Но шло это у него не от гордыни: сам безупречно честный и преданный, он того же со всей строгостью требовал и от всей своей братии, а коли тебе не нравится, прошу покорно, господин хороший, — на свете есть тысячи других занятий и дел. Но куда там! Они так и липли к его стопам. А он разозлится или что, и только бросит на них равнодушный взгляд через плечо; его даже и то не бесило, что эти околостопные прилипалы нацепили ему ярлык «прозаический». Бывало, они, в сторонних глазах, всползали ему аж до самых колен, ну да если б даже и так, в том тоже не было ничего страшного — что там какой-то один-единственный репеёк на неоглядных просторах его исполинского тела! Но если вы отдавались ему всем своим существом, если, приняв постриг, рабски служили своему кумиру и повелителю, служили по все дни и по все часы, будь то во время самоотреченного труда или на досуге, в трезвости или во хмелю, пусть даже пьяно-распьяно служили во сне и наяву и, покоренные им, — пропащие и недотепы, — отдавали ему себя со всеми потрохами, включая сердце, мозг, глаза, и были у вас к тому же долготерпение бумаги и стойкость дерева, он милостивец, умел вас так одарить, что и в сказке подобного не встретишь, хотя и сказка-то ведь тоже была его.
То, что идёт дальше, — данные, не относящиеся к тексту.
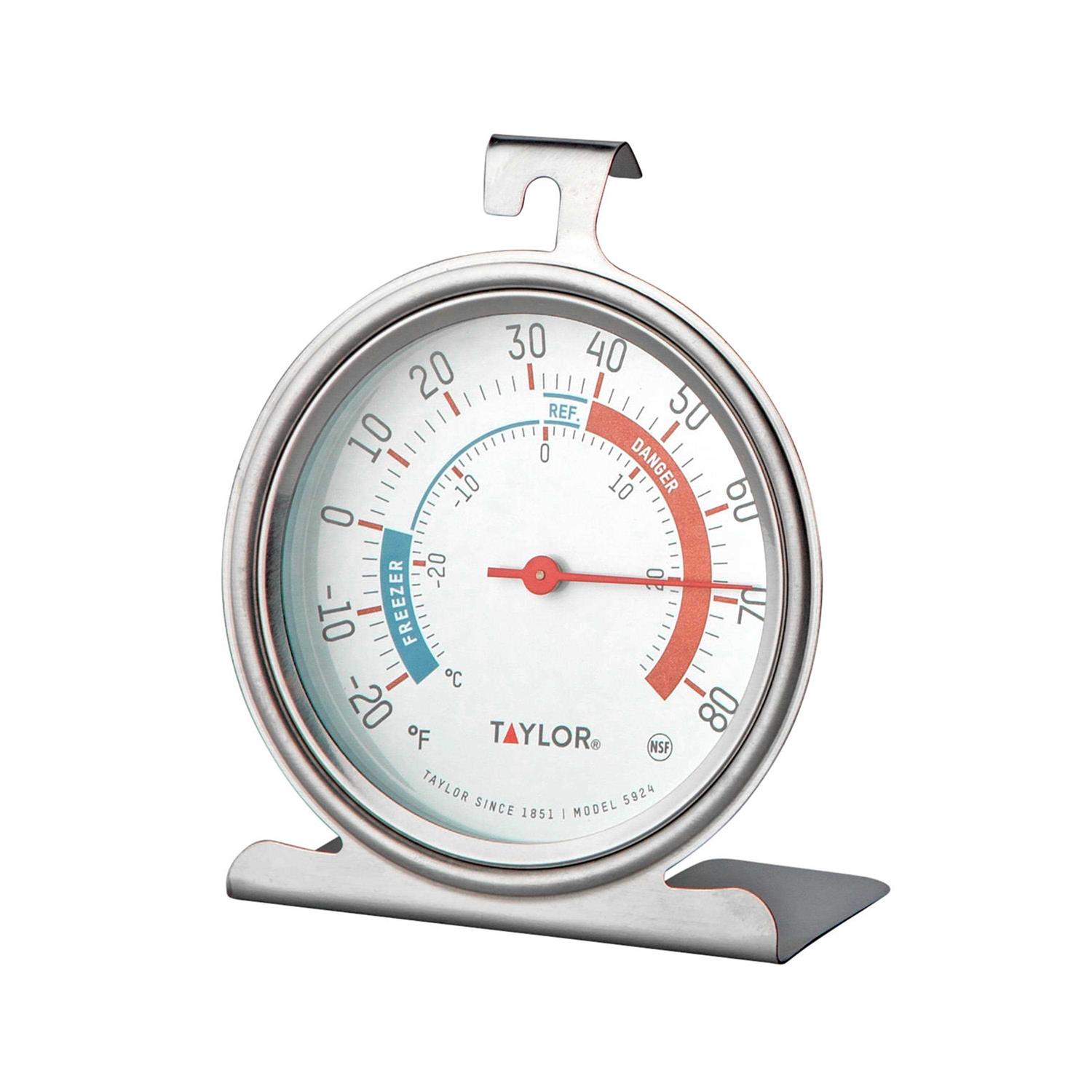 The extra-large, 3 1/4-inch dial features a glass lens and red pointer making it easy to read. This freezer/refrigerator thermometer has a range of -20degrees Fahrenheit to 80 degrees Fahrenheit. Colorful blue and yellow graphics with safe temperature zone indicators ensure your food is kept at the proper temperature range. The durable, stainless-steel casing provides strength and corrosion resistance. This unique design has the ability to either hang from a shelf or stand on its own. Keep your frozen and refrigerated items at the proper temperature with this freezer/refrigerator thermometer from Taylor. The extra-large, 3-1/4-inch dial features a glass lens and red pointer making it easy to read. This freezer/refrigerator thermometer has a range of -20degrees Fahrenheit to 80 degrees Fahrenheit. Colorful blue and yellow graphics with safe temperature zone indicators ensure your food is kept at the proper temperature range. The durable, stainless-steel casing provides strength and corrosion resistance. This unique design has the ability to either hang from a shelf or stand on its own.

Но о милостях — несколько позже, а так он, прежде всего, погружал тебя — в целях возвышения — в свои самые сокровенные недра и взращивал над твоей одурманенной головой огромное дерево, да такое невиданное, такое причудливое... и на колючих ветвях того сказочного древа росли всякие самые разнообразные плоды. Но о плодах тоже попозже, а пока... Попав в эту путаную-перепутаную очередь, Вано чувствовал, что даже это никчемное стояние тоже непременно даст что-то, что когда-то, где-то ему пригодится. Только он коснулся в мыслях своего дела, как у него до такой степени нестерпимо зазудели руки-мозг, что он и не вспомнил больше о том, как ловко они с Майей сообразили получше использовать ворованные минуты и шмыгнули при свете бела дня в тесный лифт какого-то высотного здания, где можно было без опасения наткнуться в подъезде на знакомых, с колотящимся сердцем вовсю целоваться, гоняя бесперечь лифт вверх-вниз.
* * *
Как-то однажды Вано с превеликим вниманием перечитал образцы древнеегипетской прозы в книге под названием «Повесть Петеисе Ш.» Истории, записанные в очень давние, по человеческим меркам, временам (что-то в XXII—VI веках до нашей эры) на камне, папирусе и деревянных табличках, очень его заинтересовали; единственное, что пришлось ему никак не по душе, это явно подхалимский тон авторов по отношению к фараону (при каждом упоминании его безмерно превозносили). Вано, разумеется, знал, что в средние века, да и много раньше, скажем, в Карфагене, эта слабость была сильно распространена среди людей, и тем не менее он огорчился: «Тьфу ты пропасть, неужто уже и тогда?» В книге оказалось несколько действительно важных текстов, но одну приведенную в ней историю, упоминавшуюся, кстати, в предисловии (которое он всегда читал последним), Вано что-то недопонял. Речь в ней шла о том, будто бы один из фараонов пятой династии — да продлятся его дни, и да пребудет он здрав и невредим — соизволили как-то посетить с семьей и со свитой одного из своих визирей и вместе с тем главного исполнителя строительных работ Уашпта и, лично осмотрев строительство, соблаговолил, оказывается, выразить Уашпта свое высочайшее одобрение, но, как ни странно, слов благодарности не последовало; тогда он удивленно оглянулся, и что же видит: он видит, что Уашпта пребывает в каком-то страннолежачем положении. По велению фараона — да продлятся его дни, и да пребудет он здрав и невредим! —потерявшего сознание Уашпта поспешно доставили во дворец фараона, — да продлятся его дни, и да пребудет он здрав и невредим, — однако, несмотря на все усилия придворных врачевателей, тот, так и не приходя в себя, испустил дух.